Closing entries Notes accounting MBA
Definition of Closing entries
At
the end of the accounting year, the temporary account balances are transferred
to an account summary of income and retained earnings account, delivered to
zero to begin the next accounting period the balance temporary accounts to.
Firstly,
revenue accounts are closed by transferring their balances to the income
summary account. Consider the following example, for which 30 September is the
end of the accounting year. If the balance of the revenue account is $ 1100,
then the closure would be in the log entry:
Date
Accounts
Flow
Credit
9/30
Recipes
Summary of income
1100
Then,
expense accounts are closed by transferring their balances to the income
summary account. If the balance of the expense account is $1275, then the
closing entry would be:
Date
Accounts
Flow
Credit
9/30
Summary
of income
1275
Costs
1275
At
this point, the net balance of the analytical account is a debit of $175
(loss).
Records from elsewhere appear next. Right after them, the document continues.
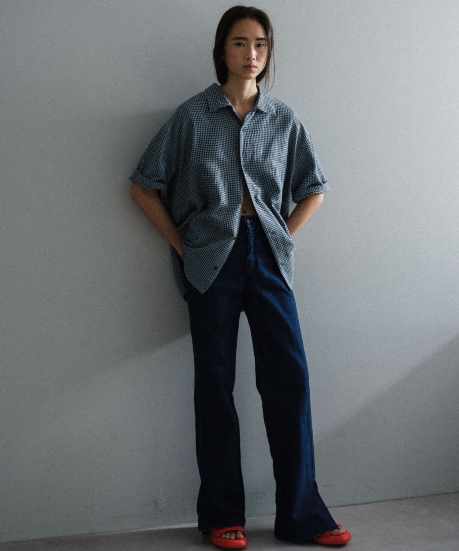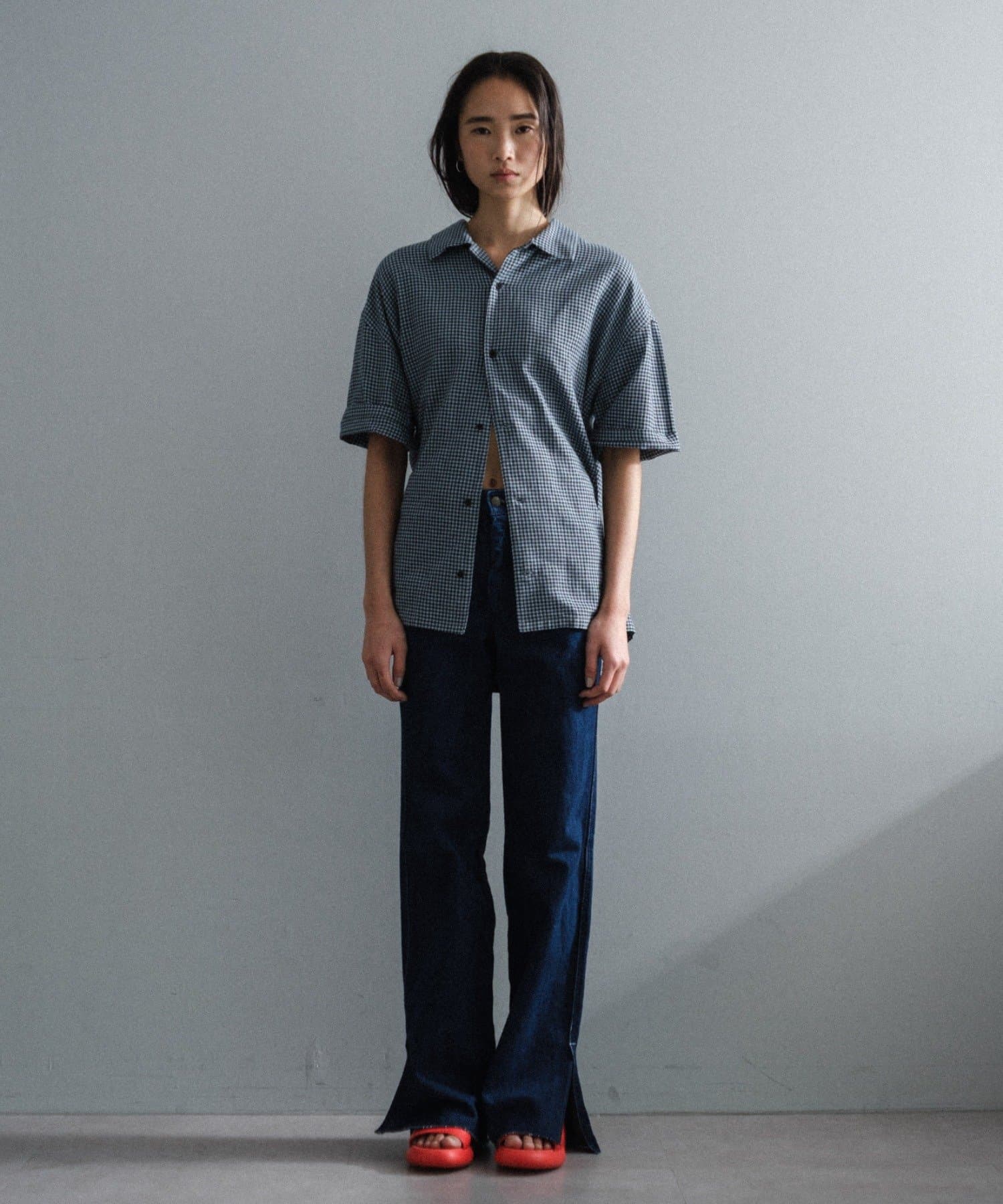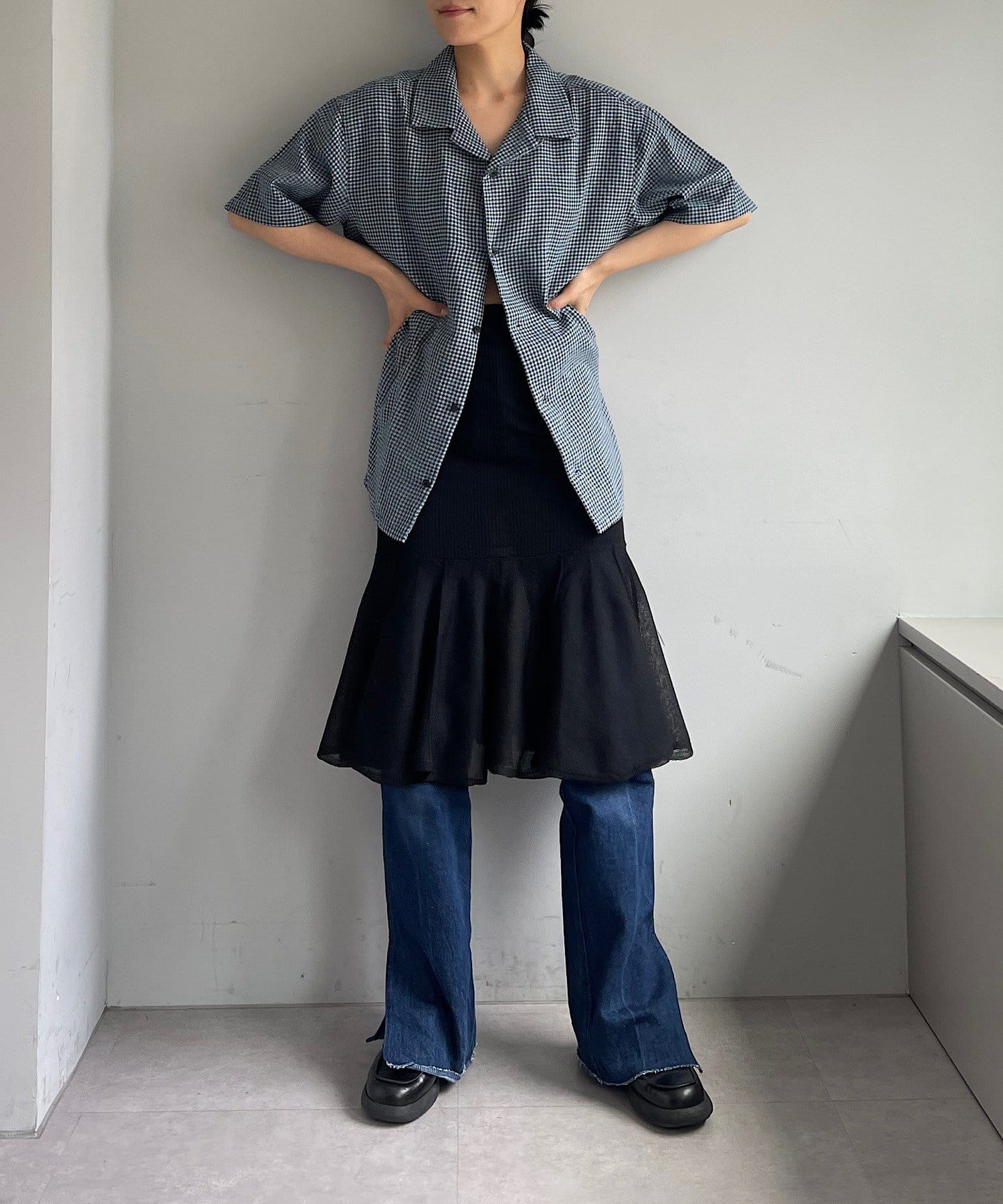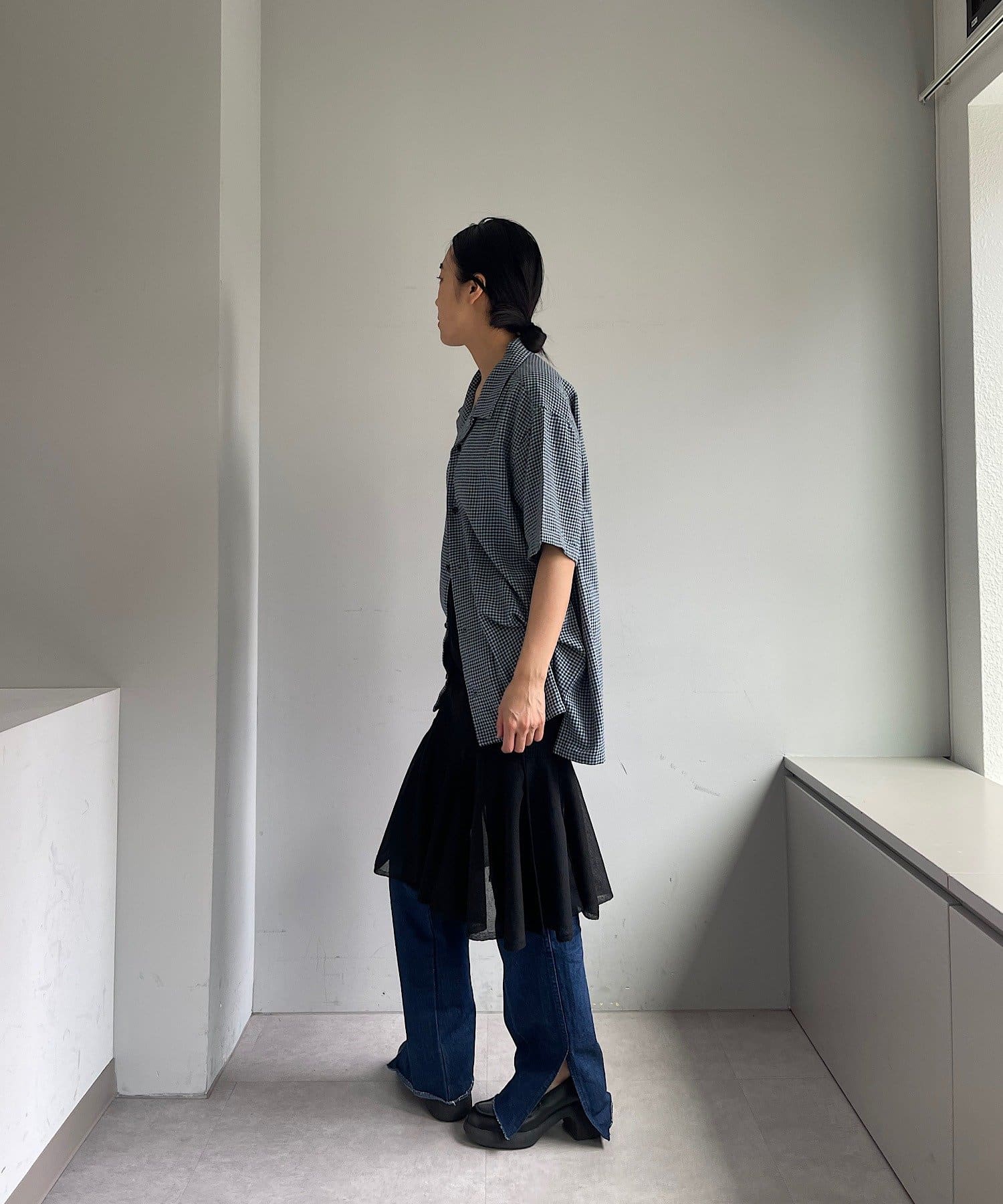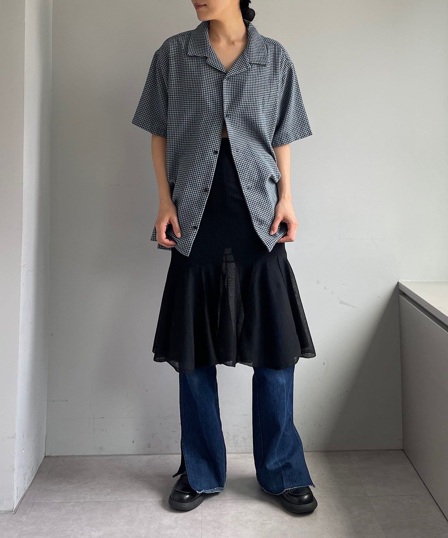 一枚着で着るのも良し、ジャケットの中に着て襟を出したり、夏場は羽織としてラフに着用するのもおすすめです。モードなアイテムとの相性がバランス的には良いので、スラックスやスカートなどとのコーディネートに活躍しそうです。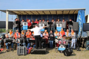 Op diverse plekken langs de route aan beide kanten van de Waal stonden fanfares, koren en zangers opgesteld.
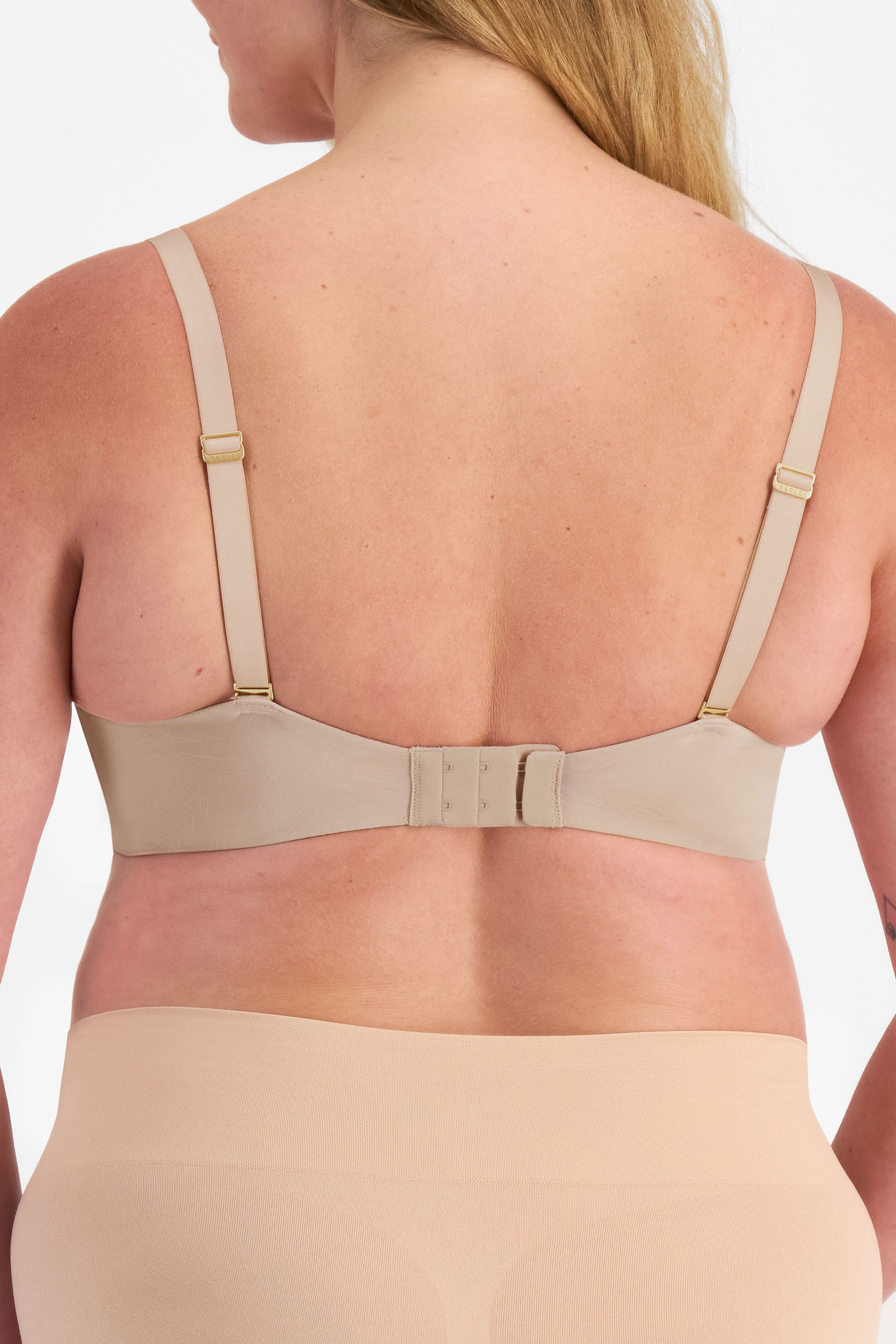 - Mesh front panels with subtle floral embroidery along the neckline, lighten the bra.

The income summary account is then closed to retained earnings:
Date
Accounts
Flow
Credit
9/30
Retained
earnings
175
Summary
of income
175
Finally,
the dividend account is closed to the retained earnings. For example, if $50 in
dividends have been paid during the period, the entry closing journal would be
as follows:
Date
Accounts
Flow
Credit
9/30
Retained
earnings
50
Dividends
50
Once
validated in the book, these log entries serve the purpose to establish income,
expenditure and dividend temporary accounts to zero in preparation for the
beginning of the next accounting period.
Note
that the income summary account is not absolutely necessary – revenue and
expense accounts may be closed directly to retained earnings. The income
summary account offers the advantage to indicate the net balance between
revenues and expenditures (i.e. net income) during the closing process.